Give back, exactly as written, the lines from the first line of the data below through the line with "ターゲットからペルソナを設定し、さらに深堀をしました。", and omit the pictures.

[Entries taken from a collection]
┄┄┄┄┄┄┄┄┄┄
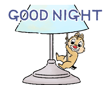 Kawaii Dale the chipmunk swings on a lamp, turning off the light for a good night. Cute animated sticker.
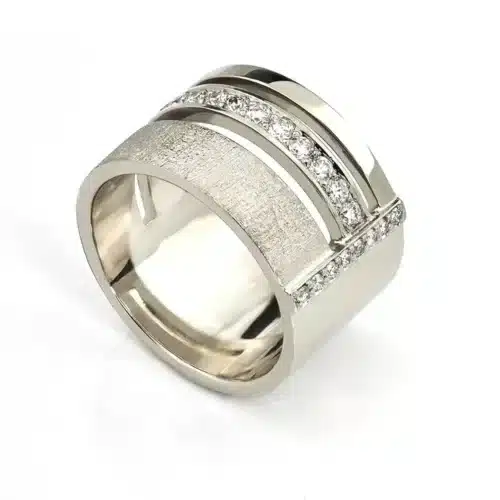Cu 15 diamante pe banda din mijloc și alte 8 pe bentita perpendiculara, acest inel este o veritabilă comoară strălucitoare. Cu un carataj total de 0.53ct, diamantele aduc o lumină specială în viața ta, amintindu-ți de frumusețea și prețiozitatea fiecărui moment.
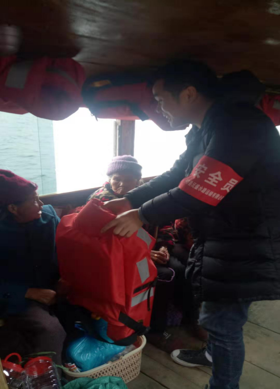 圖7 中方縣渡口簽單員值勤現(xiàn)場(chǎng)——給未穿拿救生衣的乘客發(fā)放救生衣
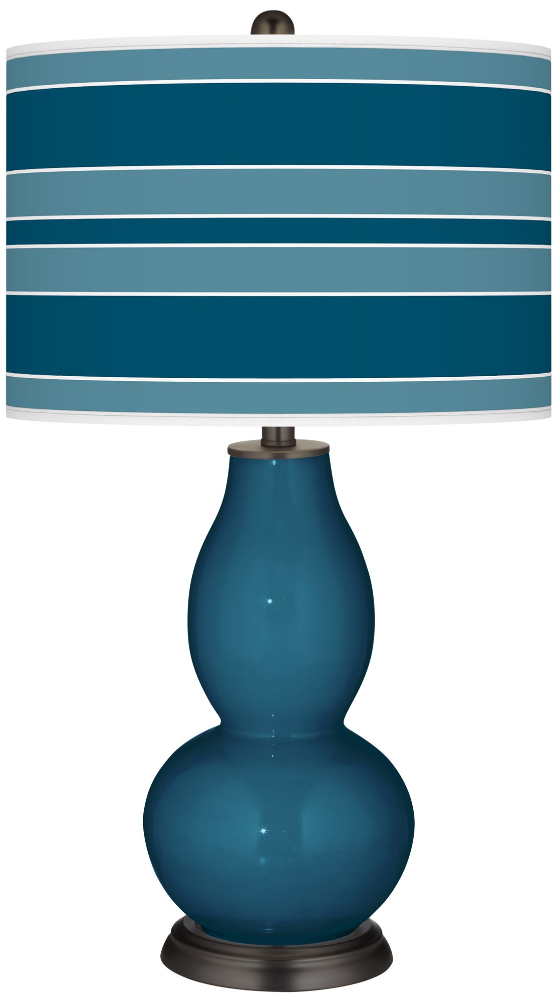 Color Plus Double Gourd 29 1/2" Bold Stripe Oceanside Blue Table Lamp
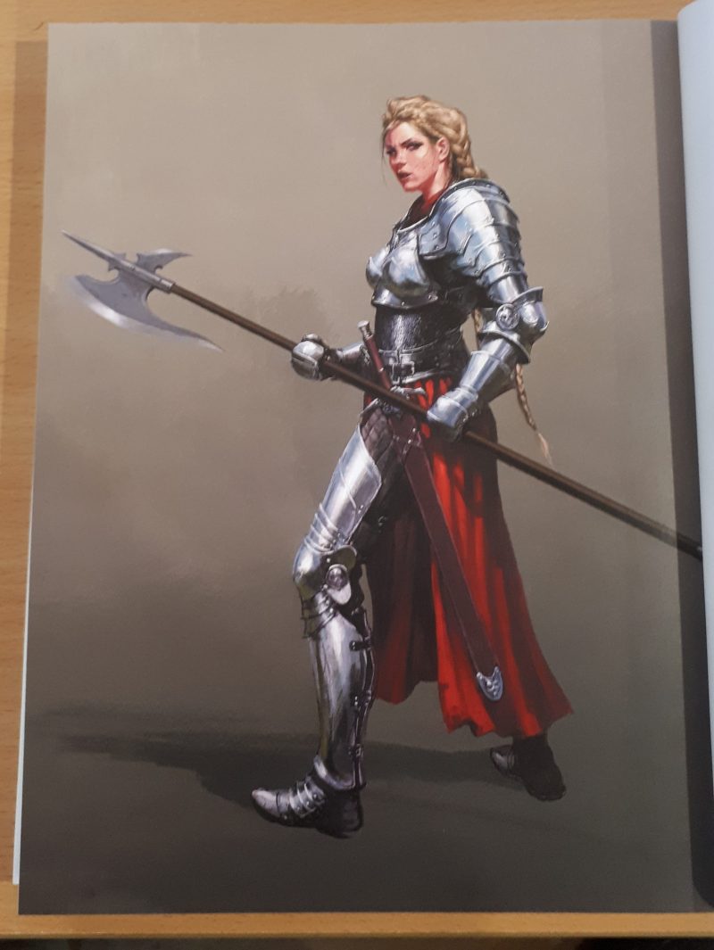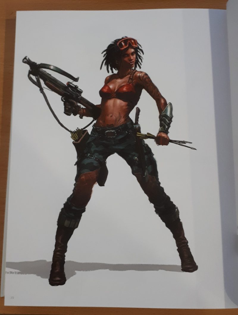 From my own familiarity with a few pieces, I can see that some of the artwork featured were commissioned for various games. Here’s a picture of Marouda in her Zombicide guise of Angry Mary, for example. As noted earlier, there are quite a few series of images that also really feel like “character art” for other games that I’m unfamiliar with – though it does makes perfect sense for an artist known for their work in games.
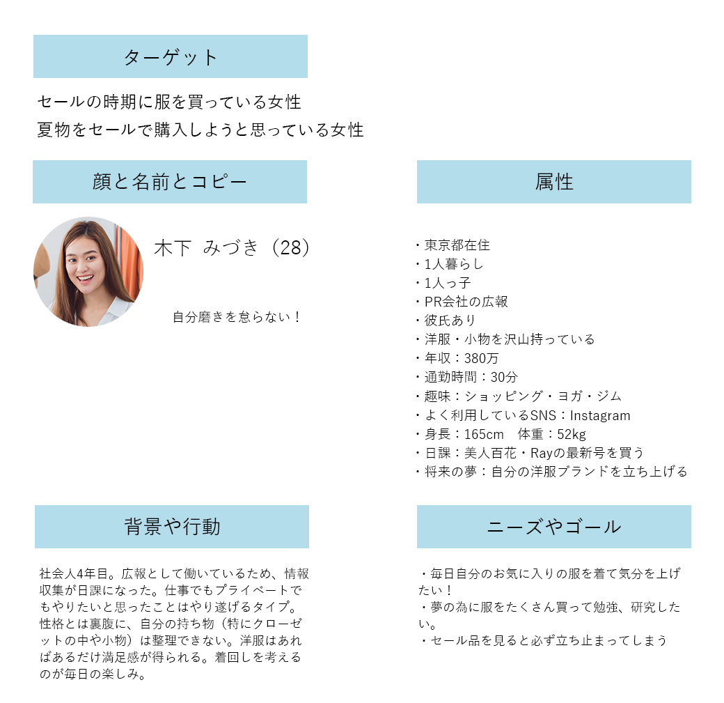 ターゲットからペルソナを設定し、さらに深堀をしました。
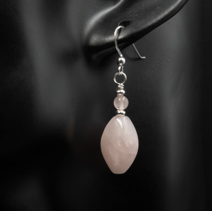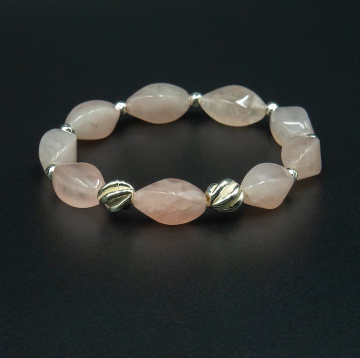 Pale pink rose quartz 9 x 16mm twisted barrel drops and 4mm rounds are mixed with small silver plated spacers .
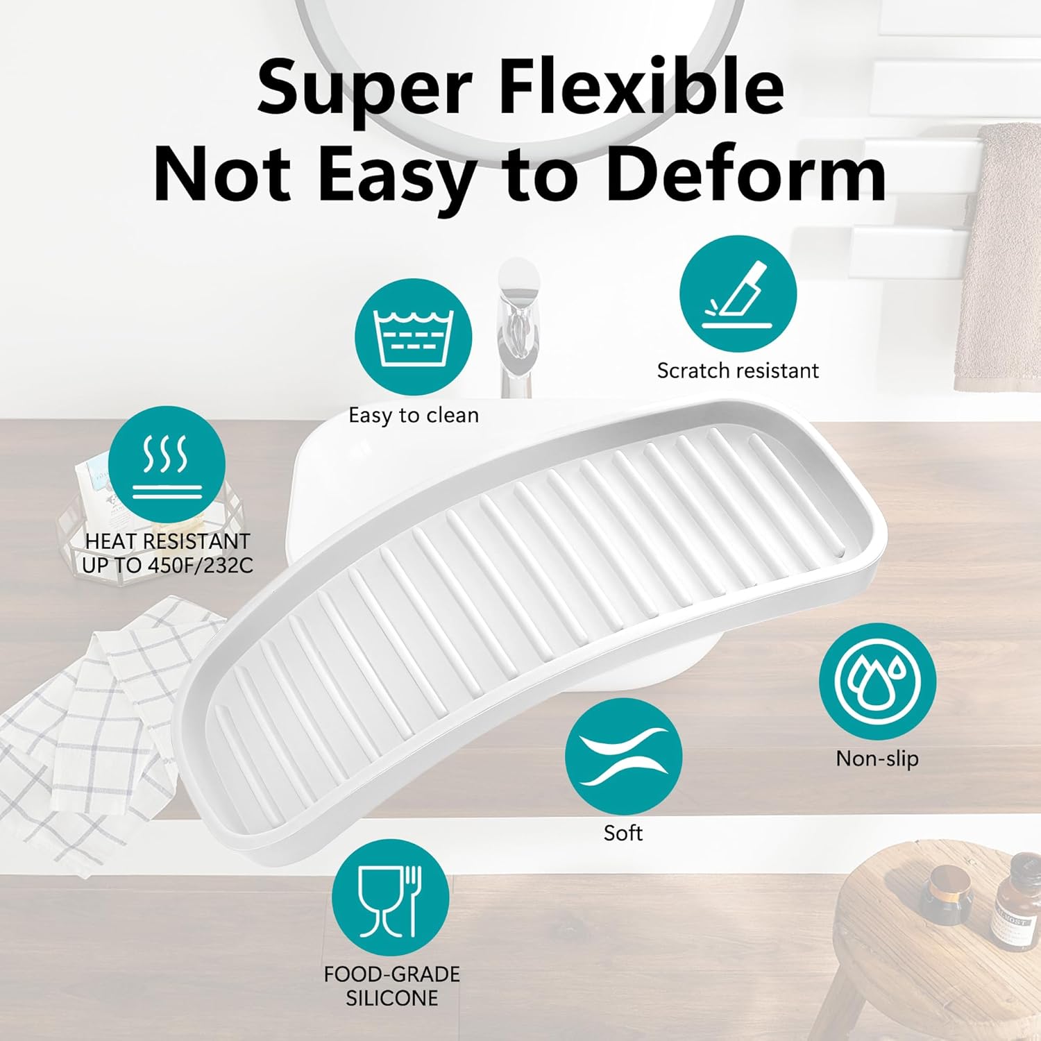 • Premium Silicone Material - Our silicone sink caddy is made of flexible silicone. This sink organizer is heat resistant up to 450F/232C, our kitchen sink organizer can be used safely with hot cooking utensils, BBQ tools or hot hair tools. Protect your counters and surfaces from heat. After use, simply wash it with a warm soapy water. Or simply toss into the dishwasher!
┄┄┄┄┄┄┄┄┄┄
▸ **TASK RESPONSE**:
 Kawaii Dale the chipmunk swings on a lamp, turning off the light for a good night. Cute animated sticker.
Cu 15 diamante pe banda din mijloc și alte 8 pe bentita perpendiculara, acest inel este o veritabilă comoară strălucitoare. Cu un carataj total de 0.53ct, diamantele aduc o lumină specială în viața ta, amintindu-ți de frumusețea și prețiozitatea fiecărui moment.
 圖7 中方縣渡口簽單員值勤現(xiàn)場(chǎng)——給未穿拿救生衣的乘客發(fā)放救生衣
 Color Plus Double Gourd 29 1/2" Bold Stripe Oceanside Blue Table Lamp
 From my own familiarity with a few pieces, I can see that some of the artwork featured were commissioned for various games. Here’s a picture of Marouda in her Zombicide guise of Angry Mary, for example. As noted earlier, there are quite a few series of images that also really feel like “character art” for other games that I’m unfamiliar with – though it does makes perfect sense for an artist known for their work in games.
 ターゲットからペルソナを設定し、さらに深堀をしました。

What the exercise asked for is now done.